Structural alerts provide the basis for grouping compounds into categories that can allow comparisons. In addition, they must be progressively developed to allow the understanding of the mechanism of action of chemical compounds.82 Some scientific evidence can be shown that supports our results. Furans, phenols, nitroaromatics, and thiophenes are found to be toxic alerts in the literature,5 but only some alcohols, nitro compounds and sulfur compounds were found in our study. Li and collaborators83 investigated toxic fragments by frequency analysis and identified some substructures present in highly toxic and moderately toxic compounds. Some of these substructures were found by LIME, such as an alkylfluoride, sulfenic derivate, phosphonic trimester, cyanohydrin and nitrile. Yang and collaborators22 compared small toxic radicals obtained by different techniques (such as machine learning, graphs and expert systems). Many of these alerts were also found by LIME (such as NO2, NN and R–O–X). In addition, this work also shows figures with highlights obtained by different techniques. Most of these substructures were also found by LIME, such as alkyl radicals. Lei et al.84 presented some toxic fragments generated from a database of acute oral toxicity in rats such as alkylfluoride and amines. These fragments are also generated by LIME using the Tox21/Clintox/Sider datasets.

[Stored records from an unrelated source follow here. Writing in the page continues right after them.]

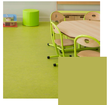
Grass Green Artikel-Nr.: MP-GG1206/0606

Eine hochwertige Beschichtung sorgt dafür, dass die Oberfläche eine hohe Kratzfestigkeit aufweist. Ein UV-Schutz auf natürlicher Basis garantiert hohe Lichtechtheit. Die ruhige Textur des Bodenbelags schafft ein harmonisches Flächenbild mit subtilen Nuancen. Wie bei allen echten Naturprodukten variiert jede Platte leicht in ihrer Farbe und Struktur, bleibt aber gesamtflächig dennoch sehr harmonisch. MINERO Playflor ist in drei verschiedenen, naturnahen Farbtönen ab Lager lieferbar. Individuelle Sonderfarben sind ab 500 m 2 pro Auftrag möglich.
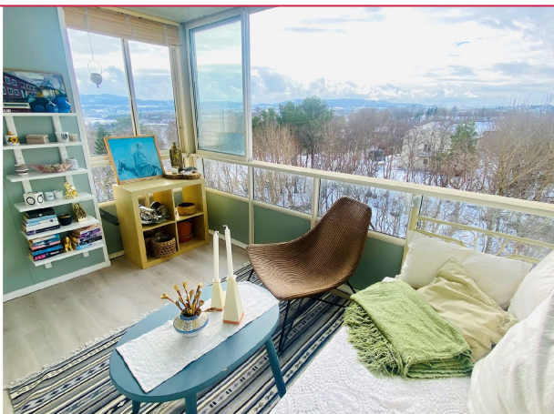
Balkongen har oppvarming og brukes som en forlengelse av stuen. Glassvinduene kan åpnes og lukkes.
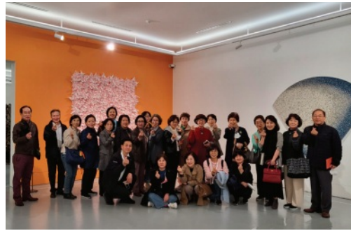
뮤지엄 그라운드에서 모인 3교구
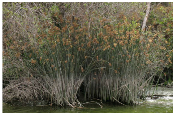
Figura 22. Schoenoplectus californicus
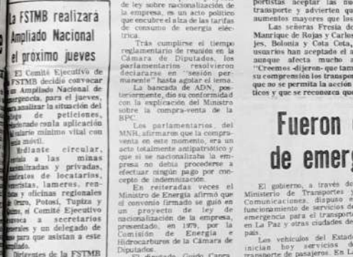
Vecinos de la zona sud piden servicio de transporte

Los dirigentes analizarán las últimas disposiciones adoptadas por el gobierno y harán conocer su posición. Los dirigentes analizarán las últimas disposiciones adoptadas por el gobierno y harán conocer su posición.
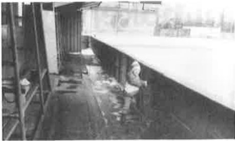
Upravená malá plocha při zastřešování hlavní plochy.
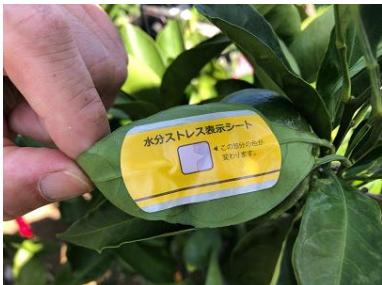
水分ストレス表示シート
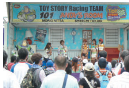
子どもたちに大人気のトイストーリーレーシングチーム PRブースはまんま「アンディの部屋」
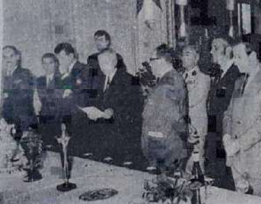
Notre flash sur le groupe officiel, lors de la réception, hier matin, à l'hôtel de ville
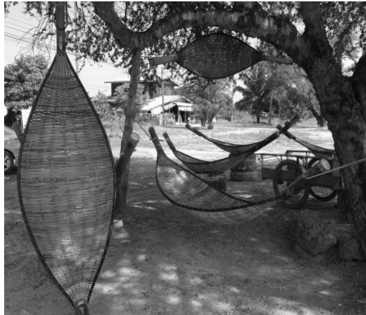
รูปที่ 7 ภูมิปัญญาการเรียนรู้การทำเปลยวน
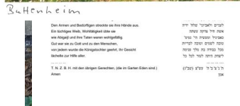
Buttenheim, jüdischer Friedhof (Gratzau), Grabstein 001: Frau Fratel bar Jakob Reis, gest. 1819 (Aufnahme 2023).
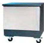
Mesa / Table Ref. 773.500 (Lux) Ref. 773.501 (Silver)
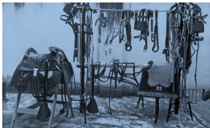
Etec João Belarmino, Amparo
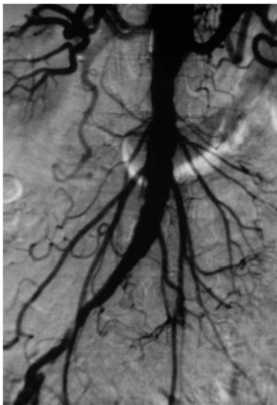
Fig. 5.3. Occlusione asse iliaco-femorale sinistro.
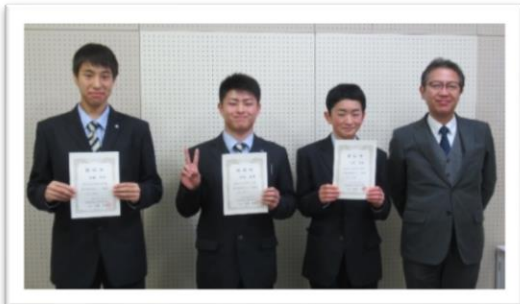
【新会長&新副会長 校長先生と共に】

11月末に行われた生徒会役員選挙により生徒会メンバーが決定し、1月7日の放送による全校集会後、生徒会役員認証式が行われました。いよいよ生徒会始動です!!後輩に引き継いでくれた3年役員のみなさん、今年度はコロナ禍で思うような活動ができず苦労も多かったと思います。大変お疲れさまでした!
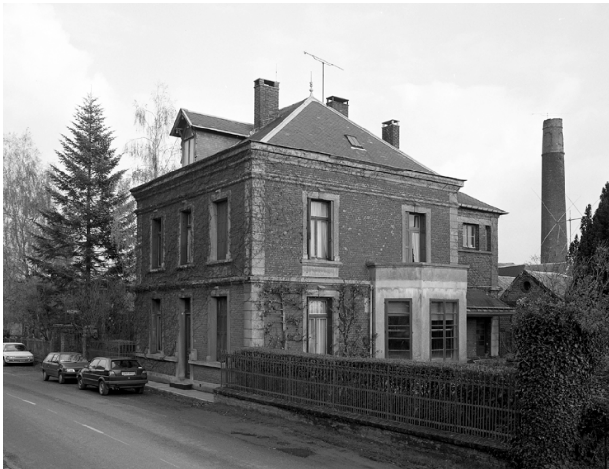
Vue générale du logement patronal.

Our methodology also found structural alerts with halogenated compounds that are found in studies of endocrine disruption with androgen and estrogen receptors.85 Our study also found nitrogen compounds that are mentioned as structural alerts in the literature.86
It is important to point out that some issues could not be interpreted by LIME. It does not recognize two identical structures with different SMILES representations. For example, CCC[C@H](C)C and CCCC(C)C are the same structures for the NR-ER and NR-ER-LBD tasks in Fig. S1 and S2,† respectively. LIME does not recognize the difference between these two SMILES because these representations are not canonical. Some other similar results appeared during the analysis, but they are not shown here for the sake of simplicity. Sometimes, new molecules are randomly sorted in the splitting of the original dataset that slightly changes the amount that a fragment appears and/or its toxicity contribution. This is probably because the RandomSplitter class was used to train the machine learning model and cross-validate the original database. Because of that, LIME was run several times (three repetitions are shown here, but it was done with many more repetitions for consistency), giving robust results as presented in Fig. 2 and 3. They show 109 and 113 fragments with more than 6 heavy atoms for the Clintox and Sider datasets, respectively. Although LIME interpreted the datasets finding some structural alerts that are present in other webservers or software, it also generated structural alerts that would be difficult for human beings to suggest by expert knowledge.23,48 It is important to mention that this number of heavy atoms is somewhat arbitrary. However, several runs were performed changing the number of heavy atoms from 4 to 8 heavy atoms. It was found that 6 heavy atoms are reasonable because the largest fragment usually has around 13 heavy atoms, e.g., right in the center of the range. Fig. S3 and S4, and S5 and S6† present the results of Runs #2 and #3, respectively, to confirm the reasonable LIME reproducibility. The number of fragments of each run for the Clintox and Sider datasets is shown in Table 3.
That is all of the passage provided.